Members of Alberta’s United Conservative Party (UCP) said they left the House during second reading of a controversial abortion-related bill Tuesday night because they were heckled.
UCP MLAs left during the debate over Bill 9, which is meant to establish no-go zones for protesters around abortion clinics.
“We heard language that was extremely vulgar, very much so attacking myself as the member from Airdrie,” said UCP MLA Angela Pitt, who gave a speech about her opposition to the bill before MLAs walked out.
“It’s just really unbecoming of decorum there in the Legislature. I said my piece. It’s on the record.”
UCP Leader Jason Kenney responded to questions from reporters about the move on Wednesday afternoon.
“I’ve said when the other side tries to be provocative and shout insults, just don’t respond and if necessary, get out of the chamber for a while until things calm down,” he said.
Health Minister Sarah Hoffman said she did not realize UCP members would be abstaining from the debate.
“I think a lot of Alberta women have issues that they want to know their elected officials are hearing and responding to,” Hoffman said.

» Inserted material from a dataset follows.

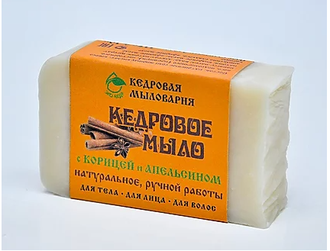 Мыло изготовлено вручную из природных ингредиентов. В его основе - кедровое масло с добавлением эфирных масел апельсина и корицы.
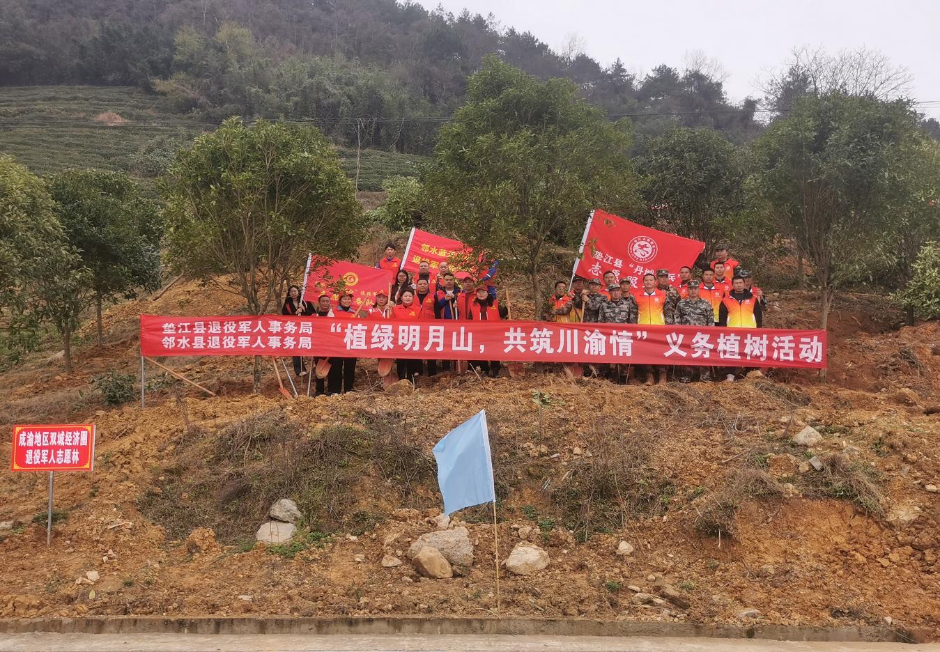 在第47个植树节来临之际,3月10日,四川省广安市邻水县退役军人事务局携手重庆市垫江县退役军人事务局,在明月山一侧的垫江县沙坪镇开展了“植绿明月山,共筑川渝情”义务植树活动,此次活动旨在通过实际行动深入践行“绿水青山就是金山银山”理念,共建成渝地区双城经济圈退役军人志愿林。

That sentiment was echoed by Alberta Party MLA Greg Clark, who said the move by UCP MLAs was not surprising.
“It’s totally inappropriate. Regardless of what you think of the issue, your job as an MLA is to be in the House. That’s your job,” he said.
“You don’t need to agree with everything the government does. Your job is to represent the constituents and you can’t do that if you’re outside the Legislature.”

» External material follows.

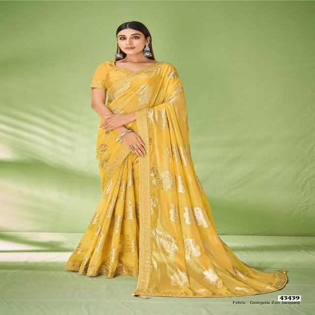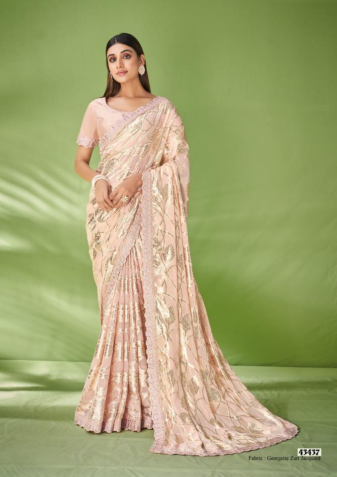 Nombre del producto:Hermosa Georgette Zari Jacquard Saree Foil impresión y bordado de trabajo
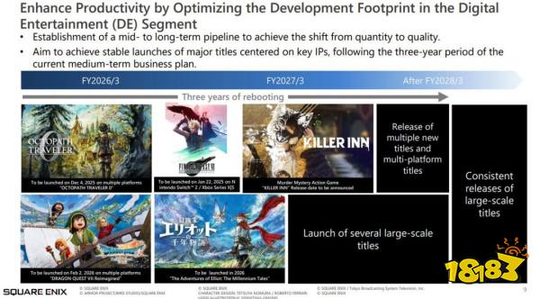 SE最新财报显示,其高清游戏部门通过严控开发与广告成本,在净销售额下滑15%背景下实现营业利润增长28.8%,正式回归盈利;公司宣布全面转向多平台战略,未来作品将同步登陆PC/PS5/Switch2/Xbox,并计划2-3年内用生成式AI完成70%的QA测试工作。

The NDP government said incidents of patients being intimidated and harassed at the clinics is on the rise. The legislation would keep protesters at least 50 metres back from the clinics and make it illegal for demonstrators to record video and audio and to take photos of people coming and going.
Members of the UCP said the debate over Bill 9 is merely a distraction from the bigger picture.
“I’ve never heard anything in regards to this in the three years I’ve been an elected official,” Pitt said. “It would certainly be accurate to say this government is definitely using this as a political tool against the official opposition.”
Kenney shot down the idea that the UCP is not concerned about women’s safety and reiterated that the party would not debate the bill.
“We don’t want to allow the NDP to deflect attention from the pressing issues that the vast majority of Albertans thinks we should be focusing on: jobs, the economy,” Kenney said.